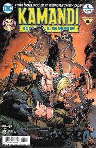 “What have you done to Kamandi?!” Mack demands as Kamandi Challenge number 6 gets underway. The good doctor explains what is happening, finishing with the ominous promise that “The only thing keeping your friend alive . . . is me.” So to motivate Vokolo, Mack shoots him in the gut, forcing him to use the “bio-printer” to save himself and Kamandi. Well, actually, it takes seven hours to print the regenerative “gene therapy” that they eventually find in the computer’s records, but Vokolo estimates that he has only three hours to live after being gut-shot, so in the end he gets what was coming to him, and only Kamandi lasts long enough to benefit from the gene therapy.
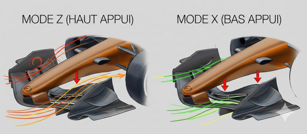 Jusqu’à présent, on connaissait le DRS (l’aileron arrière qui s’ouvre pour doubler). En 2026, c’est fini. À la place, les ailerons avant et arrière bougent en permanence pour tout le monde, selon deux modes :
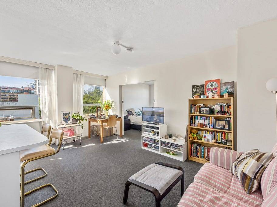 Located on the 5th floor of a well maintained & updated building, this spacious & sun-drenched 1 bedroom strata apartment has a perfect northern aspect & views over the Harbour, Rushcutters Bay Marina & park. It features a good sized living area with wall to wall windows, open plan functional stainless steel kitchen with breakfast bar, good sized sun-filled bedroom with large windows, built in robe & views over the CYC & Bay. Out-dated but still functional tiled bathroom. Security building with updated foyer, new lift & located in a pleasant garden surrounding. Short stroll to trains, shops, cafes, parks & the harbour. Perfect opportunity to add some finishing touches & capitalise.
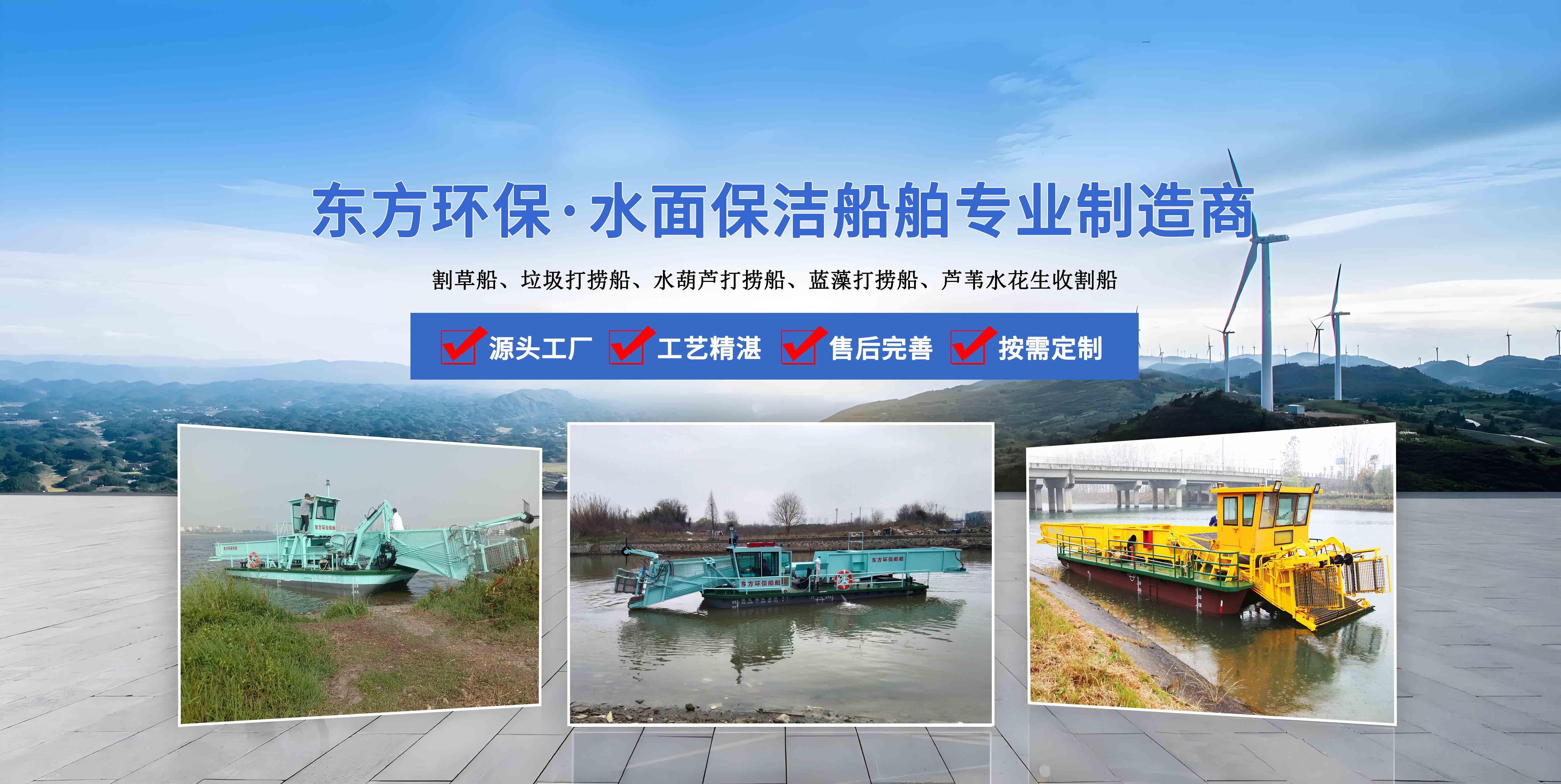 青州市東方環(huán)保機(jī)械制造有限公司位于山東省青州市,地理位置得天獨(dú)厚,是水面保潔船、水草收割船、、清漂船、滸苔打撈船、藍(lán)藻打撈船等水面船體的專業(yè)制造銷售廠家, 公司成立于2006年,公司先后與山東省黃河造船廠、中船重工702研究所、青島海洋大學(xué)、渤海船舶職業(yè)學(xué)院等機(jī)構(gòu)建立了長(zhǎng)期合作關(guān)系.。
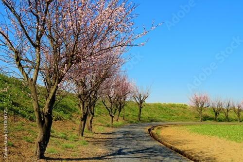 Obraz premium 春 梅 青空 渡良瀬 道 風景 栃木県
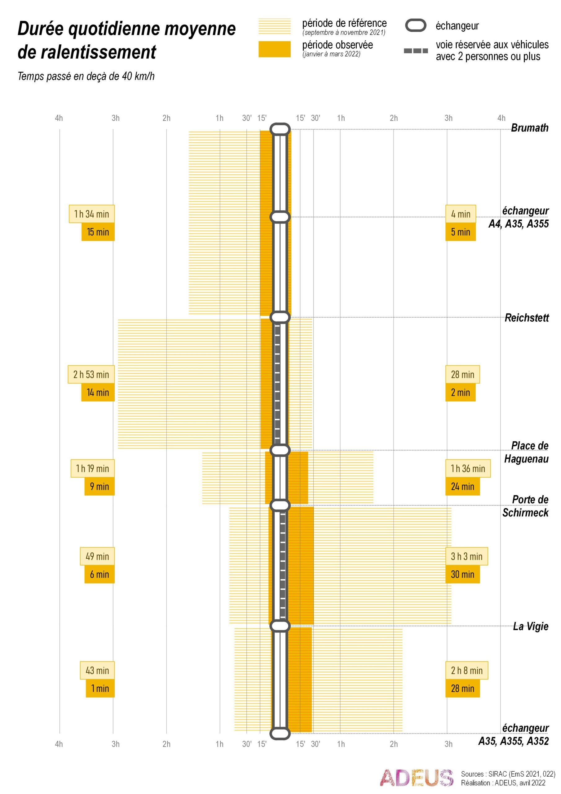 En outre, la préfecture estime que le GCO a permis de réduire considérablement le nombre et la fréquence des ralentissements (vitesse inférieure à 40 km/h) sur la M35. Selon des pointages effectués entre janvier et mars 2022, ces ralentissements ne sont survenus qu’une demi-heure sur le tronçon entre La Vigie et la Porte de Schirmeck, alors qu’ils ont existé pendant plus de trois heures sur le même tronçon entre septembre et novembre 2021. Même chose entre Reichstett et la place de Haguenau, où le temps de ces ralentissements aurait fondu de près de trois heures à 14 minutes (voir graphique ci-dessous).
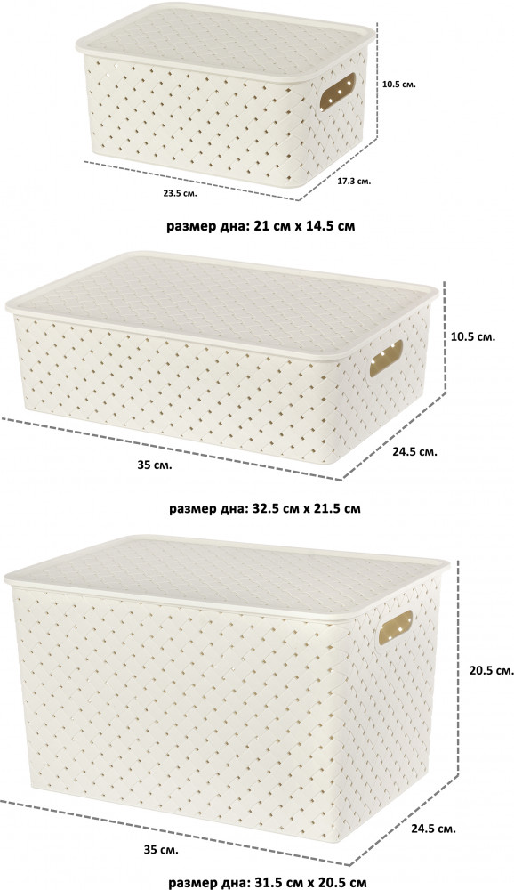 Коробки хорошего качества, но для меня слишком маленькие. Немного не рассчитала с размером. Доля хранения вещей не практичные из-за размера. Больше подойдут в ванну, а так качество очень хорошее - рекомендую.
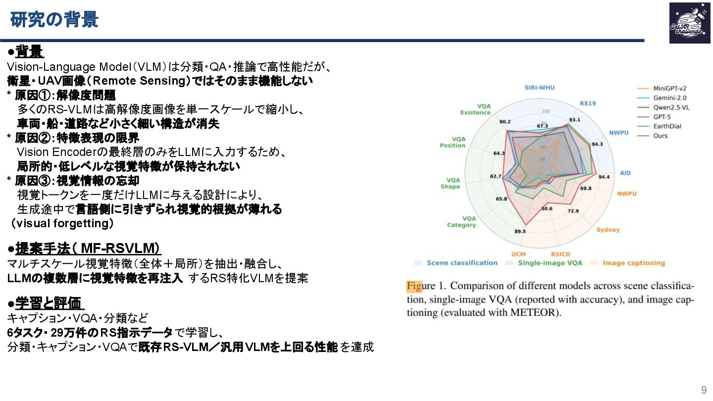本研究は、衛星・UAV画像を対象に、マルチスケール視覚特徴の融合と再注入によって、
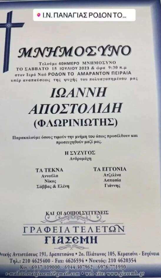 Κατά τη δημοσίευσή της, το 40ήμερο μνημόσυνο θα πραγματοποιηθεί στις 9.30 το πρωί, στον Ιερό Ναό Ρόδον το Αμάραντον Πειραιά.

### Task statement:
The answer should contain only the lines from the one with "Located on the" through the last line of the material, given word for word and without pictures.

### Task response:
 Located on the 5th floor of a well maintained & updated building, this spacious & sun-drenched 1 bedroom strata apartment has a perfect northern aspect & views over the Harbour, Rushcutters Bay Marina & park. It features a good sized living area with wall to wall windows, open plan functional stainless steel kitchen with breakfast bar, good sized sun-filled bedroom with large windows, built in robe & views over the CYC & Bay. Out-dated but still functional tiled bathroom. Security building with updated foyer, new lift & located in a pleasant garden surrounding. Short stroll to trains, shops, cafes, parks & the harbour. Perfect opportunity to add some finishing touches & capitalise.
 青州市東方環(huán)保機(jī)械制造有限公司位于山東省青州市,地理位置得天獨(dú)厚,是水面保潔船、水草收割船、、清漂船、滸苔打撈船、藍(lán)藻打撈船等水面船體的專業(yè)制造銷售廠家, 公司成立于2006年,公司先后與山東省黃河造船廠、中船重工702研究所、青島海洋大學(xué)、渤海船舶職業(yè)學(xué)院等機(jī)構(gòu)建立了長(zhǎng)期合作關(guān)系.。
 Obraz premium 春 梅 青空 渡良瀬 道 風景 栃木県
 En outre, la préfecture estime que le GCO a permis de réduire considérablement le nombre et la fréquence des ralentissements (vitesse inférieure à 40 km/h) sur la M35. Selon des pointages effectués entre janvier et mars 2022, ces ralentissements ne sont survenus qu’une demi-heure sur le tronçon entre La Vigie et la Porte de Schirmeck, alors qu’ils ont existé pendant plus de trois heures sur le même tronçon entre septembre et novembre 2021. Même chose entre Reichstett et la place de Haguenau, où le temps de ces ralentissements aurait fondu de près de trois heures à 14 minutes (voir graphique ci-dessous).
 Коробки хорошего качества, но для меня слишком маленькие. Немного не рассчитала с размером. Доля хранения вещей не практичные из-за размера. Больше подойдут в ванну, а так качество очень хорошее - рекомендую.
本研究は、衛星・UAV画像を対象に、マルチスケール視覚特徴の融合と再注入によって、
 Κατά τη δημοσίευσή της, το 40ήμερο μνημόσυνο θα πραγματοποιηθεί στις 9.30 το πρωί, στον Ιερό Ναό Ρόδον το Αμάραντον Πειραιά.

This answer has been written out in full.